Der Experte identifiziert aktuell in Europa zwei Themen mit potenziellen
Auswirkungen auf die Kapitalmärkte. Mit Blick auf die italienischen Budgetpläne
sieht er aktuell kein erhöhtes Risiko und an den Anleihenmärkten gab es bereits
eine gesunde Reaktion. "Der Markt hat die Situation in Italien mit einem
Risikoaufschlag belegt. Der Budgetstreit mit Italien dürfte wenig Potenzial für
eine weitere Finanzkrise haben," betont Galler. Mit Blick auf Großbritannien
beurteilt Tilmann Galler die Risiken für die britische Binnenwirtschaft als
deutlich höher als für die Eurozone insgesamt. Auch wenn noch in der Schwebe
sei, ob es einen harten oder einen weichen Brexit gebe, zeigten sich in
Großbritannien bereits ganz konkrete Folgen des bevorstehenden EU-Austritts.
"Das Wirtschaftswachstum in Großbritannien hat sich seit dem Referendum
deutlich verlangsamt, während es in anderen Ländern stabil geblieben ist. Auch
weist das Verbrauchervertrauen nach dem Brexit-Votum ein eindeutig negatives
Momentum auf", führt Galler aus.
Keine harte Landung in China
In China gibt es ebenfalls klare Anzeichen für ein nachlassendes
Wachstumsmomentum. Die straffere Geldpolitik und die Regulierung des
Schattenbankenwesens im ersten Jahresdrittel hat Spuren in der Wachstumsdynamik
hinterlassen. Seit Mai ist das chinesische Wachstum durch die Verschärfung des
Handelskonflikts mit den USA einer zusätzlichen Belastung ausgesetzt.
"Dennoch sollten man für China nicht zu schwarz sehen", unterstreicht Galler.
Die chinesische Regierung habe einen monetären Stimulus in Form einer lockeren
Geldpolitik gesetzt und aktuell sei ein weiterer Fiskalstimulus durch erhöhte
Infrastrukturinvestitionen zu erwarten.

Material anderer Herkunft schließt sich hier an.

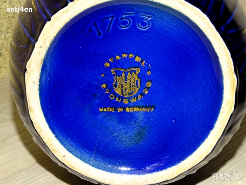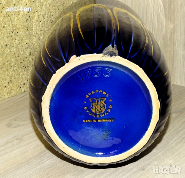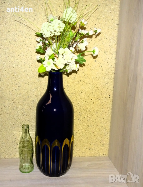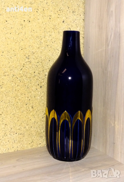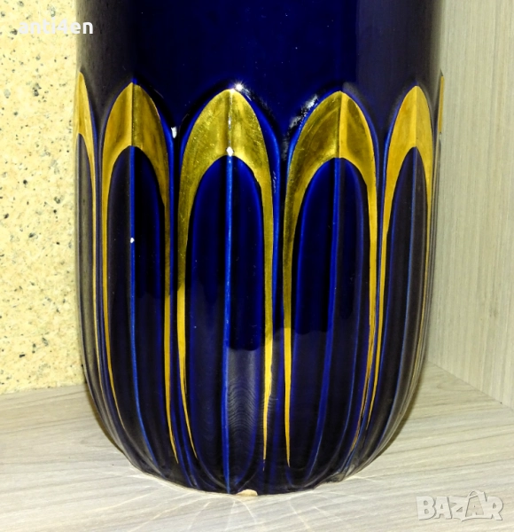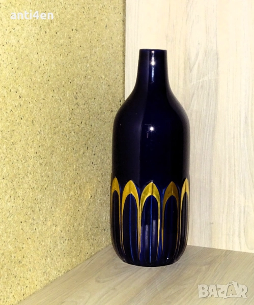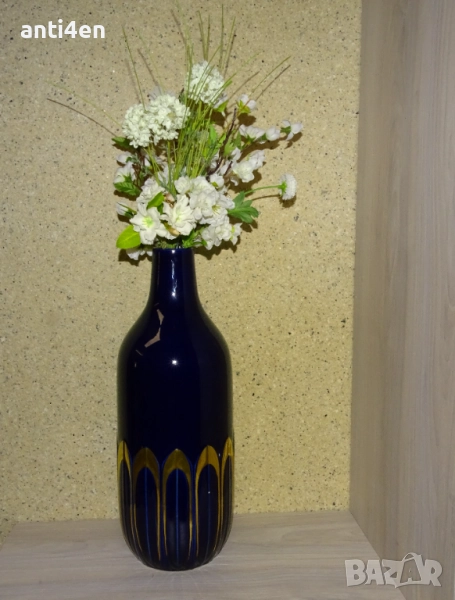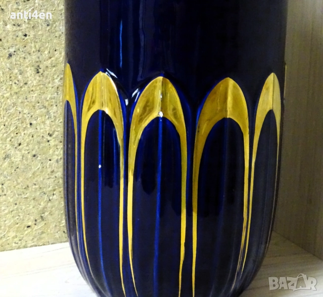 Вазата е в тъмносин цвят с декоративни орнаменти в златисто и височина 39 см.

Diese Maßnahmen sollten das Wachstum in
2019 stabilisieren. "Wir rechnen nicht mit einer harten Landung in China",
ergänzt er.
In Japan geben zur Zeit die steigenden Reallöhne Hoffnung auf eine Erholung im
Konsum und ein anhaltend robustes Wachstum in den kommenden Quartalen. Erst im
Hinblick auf den kommenden Herbst könnte es turbulent werden, sollte die
Regierung mit ihrer Absicht ernst machen, den Mehrwertsteuersatz im Oktober
2019 zu erhöhen.
Aktien-Anleihen-Quote überdenken
Die Aktienbewertungen wirken nach Ansicht von Tilmann Galler je nach verwendeter
Kennzahl etwas überteuert. Steigende Anleiherenditen forderten dabei ebenfalls
ihren Tribut. Im historischen Maßstab hätten Aktien aber nach wie vor einen
Renditevorsprung gegenüber Anleihen. "Aktien sind derzeit moderat überbewertet,
aber wir sehen keine exzessiven Bewertungsrisiken wie etwa Ende der neunziger
Jahre", sagt Tilmann Galler. Kritisch dürfte es für Aktien allerdings werden,
wenn die US-Notenbank Fed von ihrem Erhöhungszyklus pausieren sollte.

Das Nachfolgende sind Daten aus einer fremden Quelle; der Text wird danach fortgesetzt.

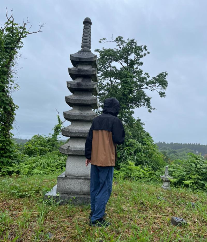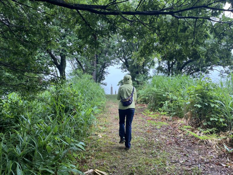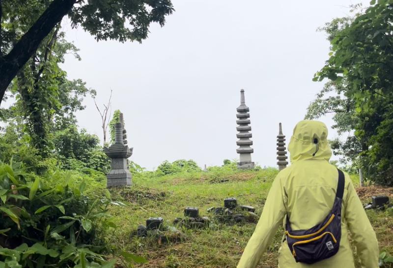 山頂には、出土した石塔が復元されていて、おもしろい風景でした。

Mit Blick auf das Anleihensegment bringen die steigenden Zinsen die
Anleihenkurse unter Druck. Die Rendite 10-jähriger US-Staatsanleihen durchbrach
sogar die Marke von 3 Prozent. Nach Ansicht von Tilmann Galler haben
US-Staatsanleihen aufgrund der zunehmenden Reife des Zyklus besonders aus der
Perspektive des Risikomangements an Attraktivität gewonnen, da sie sich nach
den Erfahrungen früherer Zyklen als Portfolio-Stabilisator erwiesen haben,
sobald der Bullenmarkt zu Ende geht. Dennoch gibt es auch bei den
Festverzinslichen noch einen Bereich, in dem sich von der aktuellen
Ertragsstärke der Unternehmen profitieren lässt: Hochzinsanleihen, insbesondere
in Europa, sind aufgrund ihres relativ hohen Risikoaufschlags von 4 Prozent bei
aktuell kaum vorhandenen Zahlungsausfällen attraktiv. Zusätzlich bieten
Hochzinsanleihen aufgrund der kürzeren Laufzeit einen gewissen Schutz gegenüber
weiter steigenden Zinsen.
"Auch wenn die Aussichten für Risikoanlagen zumindest verhalten positiv
erscheinen, sollten sich Anleger im jetzigen Kapitalmarktzyklus verstärkt
Gedanken über eine defensivere Ausrichtung ihres Portfolios machen", sagt
Tilmann Galler. Das hieße, die Aktienquote etwas zu verringern, die Zyklik
innerhalb des Aktiensegments zu reduzieren und bei festverzinslichen
Wertpapieren auf mehr Stabilität zu setzen.